Fans pay twice for ‘Veronica Mars’
Fan-funded feature could open doors to reviving cult classics
Veronica Mars has a new mystery to solve seven years after the teenage private investigator departed prime-time TV and left loyal fans — her “Marshmallows” — wanting more.
After a hugely successful Kickstarter crowdfunding experiment in 2013, Veronica Mars hits the big screen Friday but also returns to the small screen via video-ondemand, leaving Hollywood with an intriguing mystery: Can this kind of cinematic vehicle be successful on a wide scale?
“It’s a passion project for a lot of those people involved in the TV show,” says Jeff Bock, senior box-office analyst for Exhibitor Relations.

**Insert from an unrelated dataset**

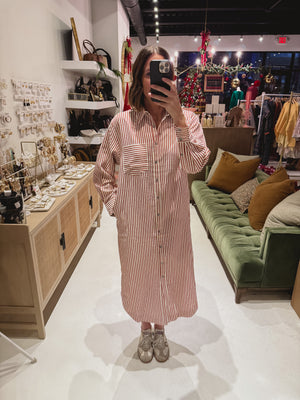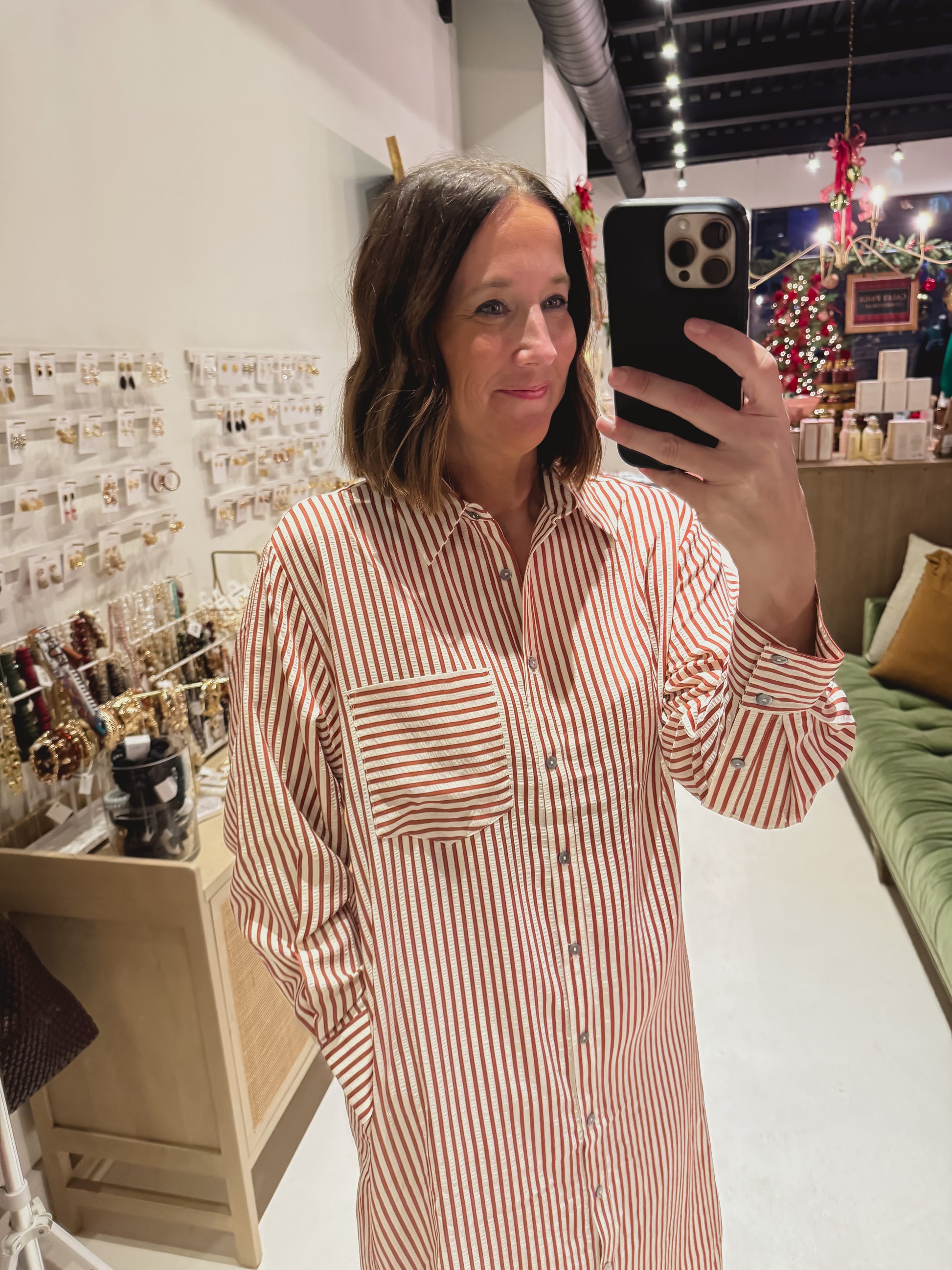 DOORBUSTER! The Collared Striped Shirt Dress in Rust

Starring Kristen Bell as a camera-carrying kid supersleuth, Veronica Mars aired for three seasons on UPN and CW and was a critical darling, though not a ratings one. The series averaged only about 2.5 million viewers before its cancellation in 2007.
A cult fan base grew, and, combined with those who visited Mars through Netflix and Amazon, it pounced on a chance to bring the show back as a movie. The new story sees Veronica returning to Neptune, Calif., for a 10-year reunion and a murder case involving her former beau, Logan Echolls (Jason Dohring).
Bell and series creator Rob Thomas announced a Kickstarter project a year ago to finance the film and persuade Warner Bros. to distribute it in theaters. It reached its $2 million goal within 10 hours of its launch and totaled $5.7 million and 91,585 backers, one of Kickstarter’s most successful campaigns ever.
But that doesn’t automatically equal a financial windfall, says Kate Erbland of the movie website Film School Rejects. Even if all those backers spring for a $10 ticket, that’s less than $1 million at the box office. “It still feels like the sort of thing that only exists to people who loved it as a show and have never lost hope that it would return.”
VOD used to be a “throwaway option” for studios, Erbland says, but now it’s a viable mainstream option for smaller features that may not pull in millions of moviegoers. Veronica Mars marks the first time a major studio has had a simultaneous release on VOD and theatrical platforms.
Bock says Veronica Mars could start a mini-trend of bringing back classic TV shows for one-off movies or small theatrical releases. “Your voice really can be heard these days. Maybe we’ll get a Wonder Years reunion movie out of this, too.”